What Was the Nine-Bond Rule?

The nine-bond rule, otherwise called Rule 396, was a requirement by the New York Stock Exchange (NYSE) that all orders for nine bonds or less be shipped off the trading floor for no less than 60 minutes. Around then, it was expected that a market for such securities can be found. In any case, in the event that the order was not filled inside the hour, the customer could ask the broker to try to take care of the request away from the exchange or over-the-counter (OTC).

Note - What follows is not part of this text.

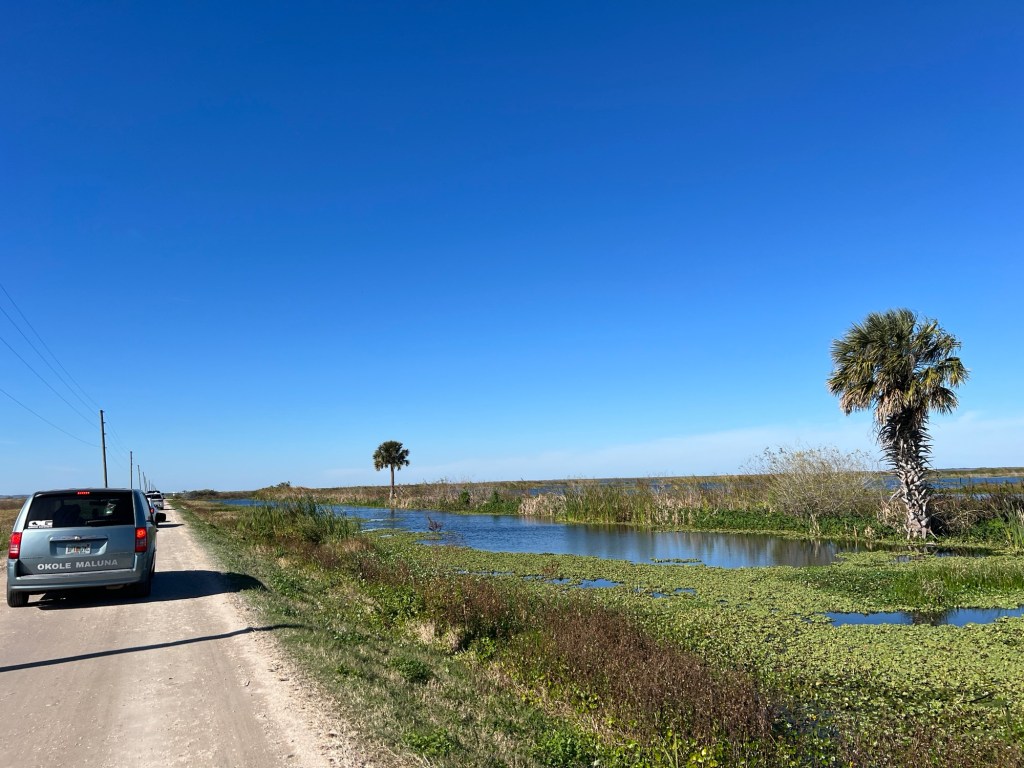 Voordat we daar heen gaan rijden we naar Lake Apopka. We gaan de Lake Apopka wilddrive rijden. Hier kunnen we met de auto een 11 mile lange route rijden door het natuurgebied van Lake Apopka. We komen om 11.30 uur aan. Het is al druk. Bij de ingang wacht een vrouw ons op. Ze vertelt wat we kunnen verwachten en krijgen een kaart van het gebied met de route. Je mag hier niet harder rijden dan 10 mile/uur. Dat hoeft ook niet want de weg is niet van de beste kwaliteit. Je kunt ook een audiotour doen. Met een scancode kun je de tour met de telefoon oproepen.

The NYSE proposed taking out the nine-bond rule in Feb. 2005, and on Aug. 1, 2005, the Securities and Exchange Commission (SEC) approved the elimination of the rule. The purpose of taking out the nine-bond rule was to work with the efficient execution of bond transactions on the NYSE without compromising more modest customer orders.

Understanding the Nine-Bond Rule

Bonds will generally trade all the more habitually on the over-the-counter (OTC) market. The nine-bond rule didn't make a difference to orders directed to the OTC market. Due to the relative inactivity of bond trading on the NYSE, the nine-bond rule, which empowers an order to remain on the floor for one full hour, was put in place to earn the best conceivable price for the individual investor.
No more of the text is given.